在33年期间(1966 - 1999年),对患者记录进行回顾性分析,确定了9例AEF患者。均为男性,平均年龄66.62(51 - 70)岁。表1和表2列出了我们病例的数据。9例患者中,有4例原发性AEF和5例继发性AEF。所有原发性瘘均由AAA破裂引起。继发性AEF在主动脉腹部手术后1至7年出现。7例瘘累及十二指肠,1例累及乙状结肠,1例累及横结肠。瘘的主要表现为胃肠道出血:黑便——8例(89%);呕血和黑便——2例(22%);直肠出血——1例(11%)。原发性AEF病例中,胃肠道出血后出现腰痛和出血性休克,而继发性AEF病例中则出现败血症(发热、白细胞计数增加、血沉加快)。2例通过胃造影和结肠镜检查确诊,2例经双功超声检查怀疑为AEF。所有其他病例均在术中确诊(图1)。原发性AEF病例行动脉瘤切除术后,1例采用解剖外腋 - 双股旁路移植术、3例采用“原位”移植术进行下肢血管重建(图2)。2例患者未切除瘘管,采用标准两层缝合技术横向关闭十二指肠缺损,2例切除瘘管后进行缝合。1例进行了相关的胃 - 肠和肠 - 肠吻合术。所有继发性AEF病例,在移除先前植入的主动脉移植物后,在肾动脉根部下方关闭主动脉,并用带血管蒂的大网膜包裹,使其与肠道及周围区域隔开。2例切除瘘管后采用两层横向缝合技术关闭十二指肠缺损,1例瘘口较大的患者需要行部分十二指肠切除术和Roux手术。2例AEF累及横结肠和乙状结肠的患者进行了结肠造口术。3例采用解剖外腋 - 双股旁路移植术进行下肢血管重建,1例经腹膜后途径行升主动脉至股动脉旁路移植术。1例患者因术中死亡未进行下肢血管重建。
7例患者在术后15天内死亡。1例在手术中因大量急性心肌梗死死亡。其他6例死亡原因分别为:多器官功能衰竭综合征(MOFS)——3例,继发性肠瘘——3例。2例患者存活。1例随访15年,其腋 - 双股旁路移植血管通畅。另1例升主动脉至股动脉旁路移植术患者术后7年死亡,移植血管也通畅。表3给出了更多详细信息。

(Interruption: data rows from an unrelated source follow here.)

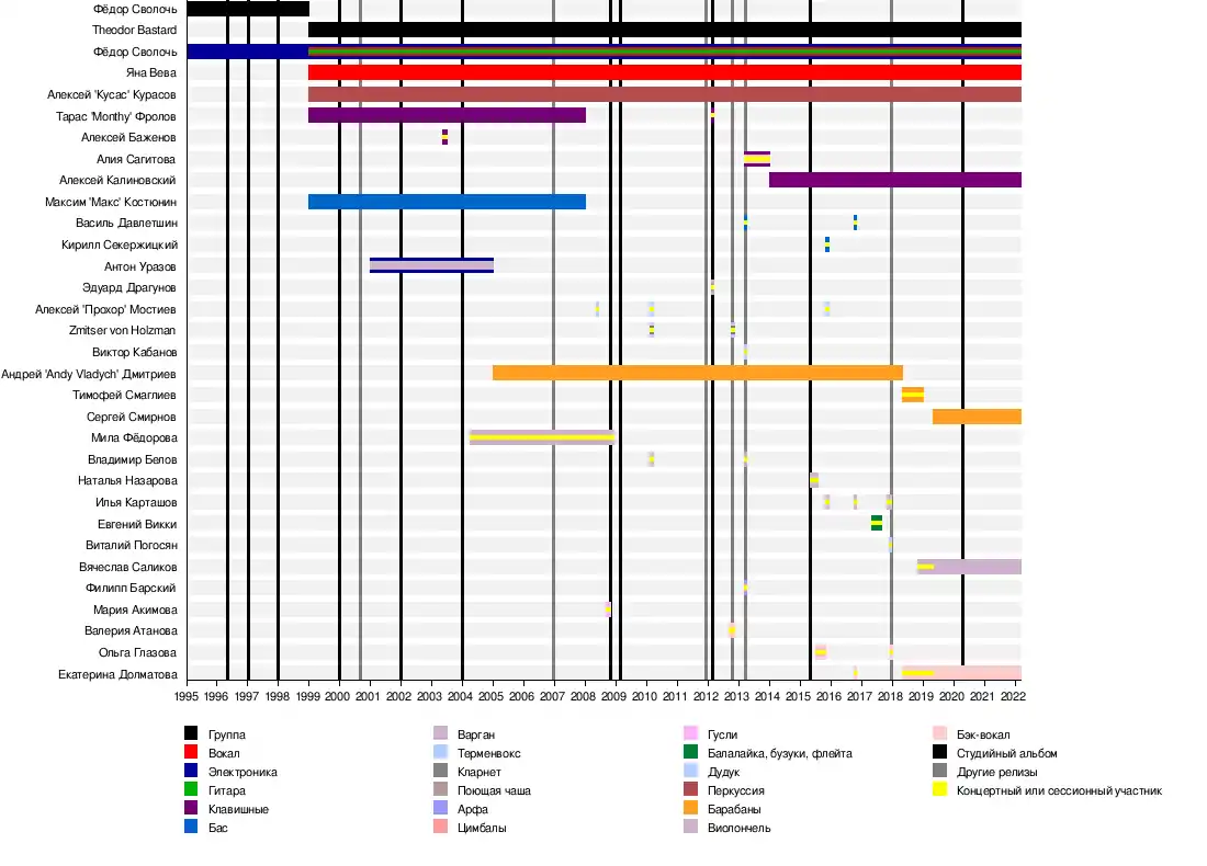 | Состав | Фёдор Сволочь, Яна Вева, Кусас, Алексей Калиновский, Сергей Смирнов, Вячеслав Саликов, Екатерина Долматова |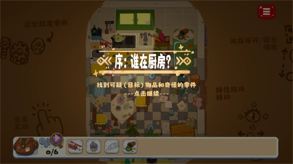 3、主题场景:涵盖森林、厨房、太空站等独具特色的视觉主题关卡,每个关卡的布局各有差异(例如森林关卡要在树木、河流之间搜寻物品,厨房关卡则需开启橱柜、冰箱)。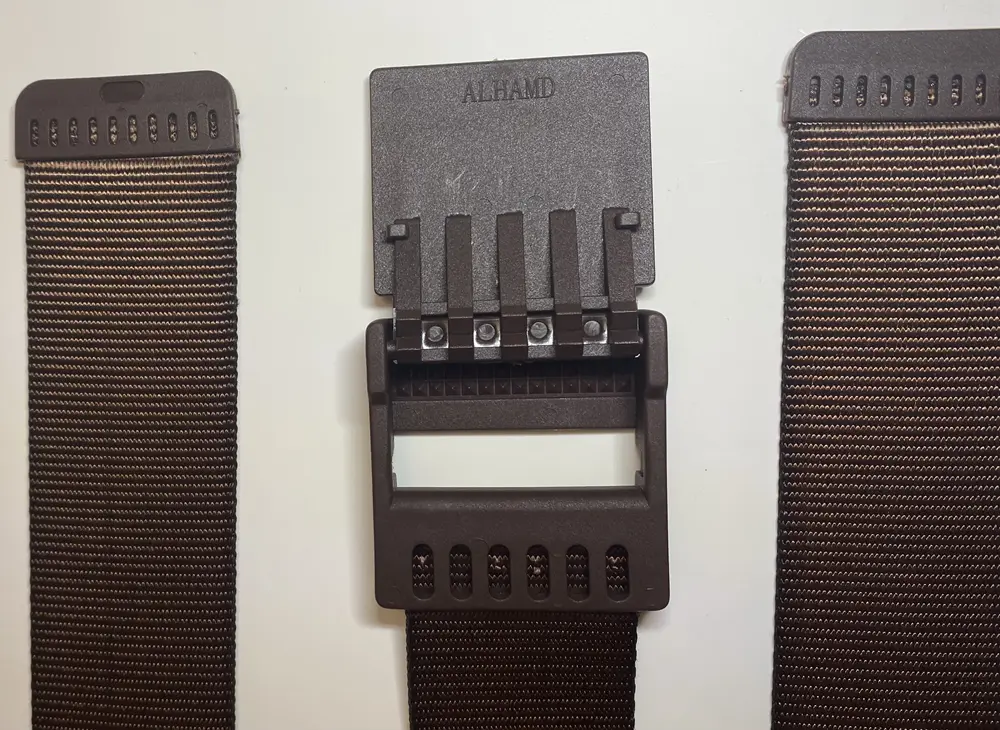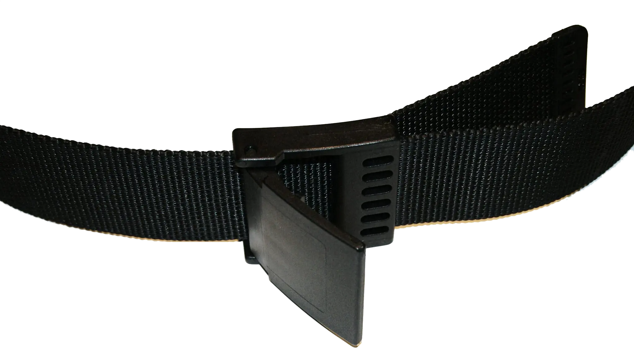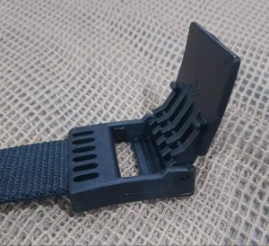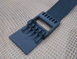 The buckle is of polyamide-6 resin, directly injected onto the fabric, thus enabling the webbing and buckle to form an exceptionally strong unit.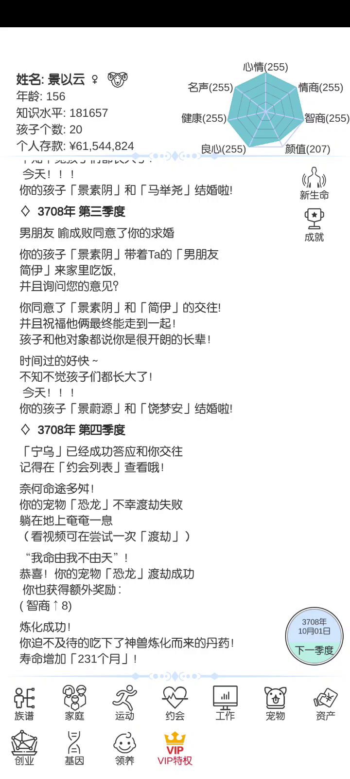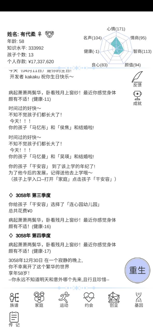 暴富的方法在这里和长寿的方法在这里(不全,看我的其他攻略贴 一. 暴富 1. 最推荐通过结婚暴富 十八岁以后就开始邂逅对象,多邂逅几个!!!(之后每隔几年就要去邂逅!!!)这个时候遇见的都是三十几岁的,这个年龄差就会导致他们死的早,你们懂得吧,遗产这不就来了嘛,一般通过高级就会邂逅,七八十的时候遗产在10,000,000~20,000,000。这个时候之前邂逅的人也七八十了,找他们搞对象然后结婚,死了找下一个。因为之前每隔几年就邂逅,所以咱们的鱼塘可大了,啥年龄段都有,这样死了一波又有一波,钱这不就伸手就来的事嘛 这里有个小技巧😈:看鱼鱼们的健康值,只要减少超过9点10点,基本上都要死翘翘了,高级酒会的鱼鱼们健康值少于100点就赶紧上,老头好呀,老头有遗产hhh 这条暴富方法不好的就是到自己七八十岁也要死了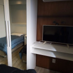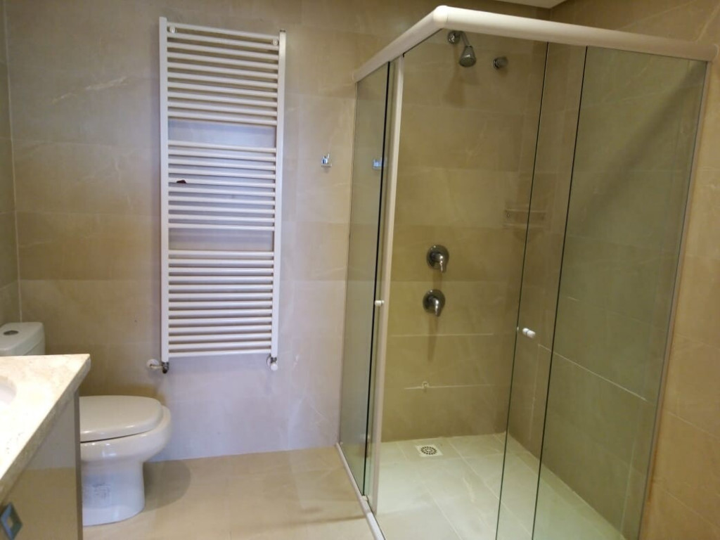 Oferece água quente e ar condicionado.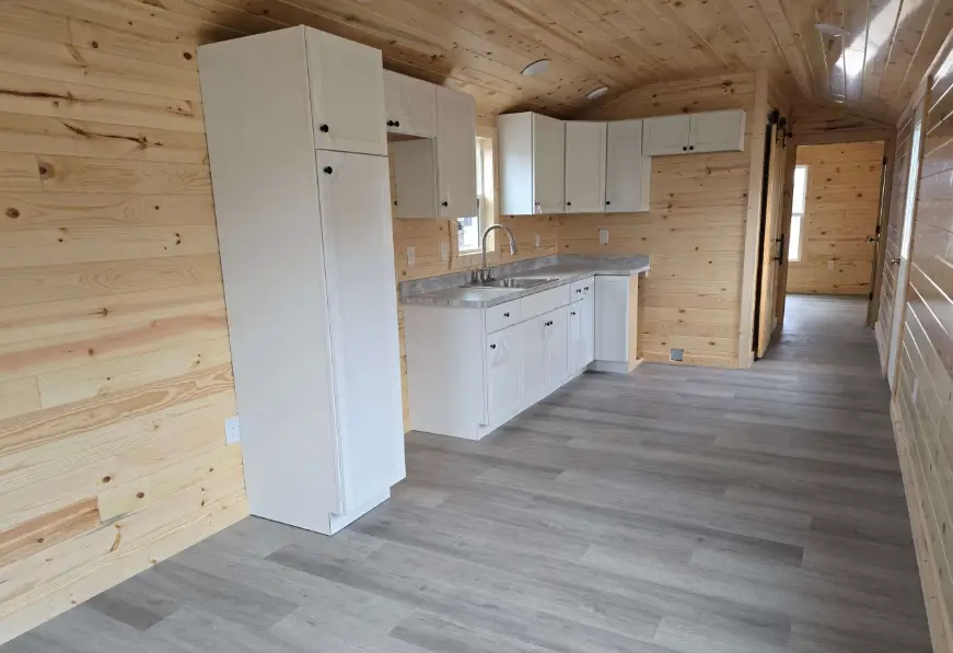 Stepping into a cabin often feels like a retreat into a simpler time, where the natural world takes precedence and personal touches shape the space. The 10x40x7 Outfitter Cozy Cabin, crafted by Crossroad Cabins, offers this experience with its generous 400-square-foot layout, priced at $52,500. Located in Owingsville, this move-in-ready home features a kitchen with cabinets, luxury vinyl plank flooring, shiplap walls and ceilings, HVAC, an on-demand water heater, and 220-amp electrical service. The exterior boasts a charcoal metal roof, grey trim, and camel-colored log siding, creating a warm yet striking presence. While the kitchen provides a solid starting point, the rest of the interior awaits the buyer’s vision, making it a canvas for customization. Nestled in a setting that could range from rolling hills to wooded retreats, this cabin stands as a testament to versatile living, ready to adapt to the changing seasons and the needs of those who call it home.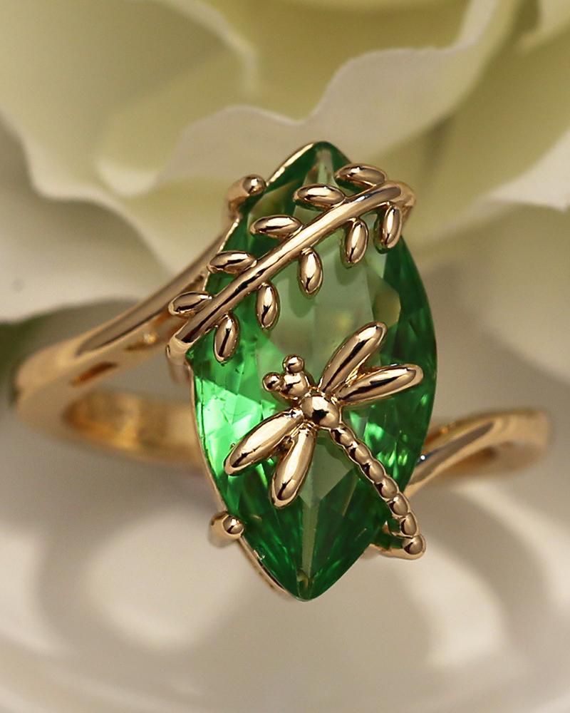 1pc Vintage Dragonfly Oval Crystal Stone Ring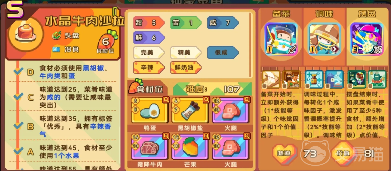第二个S级的菜品是水晶牛肉沙拉,需要用到黑胡椒、牛肉和蛋,推荐大家使用的厨师是剑士和锋卫。

阿斯特利·库珀爵士于1817年首次描述了由AAA破裂引起的原发性AEF[6],1953年布罗克首次描述了主动脉同种异体移植术后6个月出现的继发性AEF[8]。1957年,哈贝勒通过缝合十二指肠缺损和动脉瘤修补术成功治疗了原发性AEF[9]。1966年,我国的斯托亚诺维奇和武亚迪诺维奇首次治疗原发性AEF[16]。他们的患者因MOFS死亡。然而,1984年和1985年,洛蒂娜成功治疗了2例继发性AEF患者[11](图3,方案1)。作者还分析了关于AEF的病因、发病机制、临床表现、诊断和治疗的文献数据。总之,作者建议:1. 经腹膜后从腹腔动脉上方至股动脉的“Ω”形解剖外旁路;2. 用尸体同种异体移植物“原位”置换腹主动脉;3. 术中用腔内球囊闭塞主动脉导管控制出血。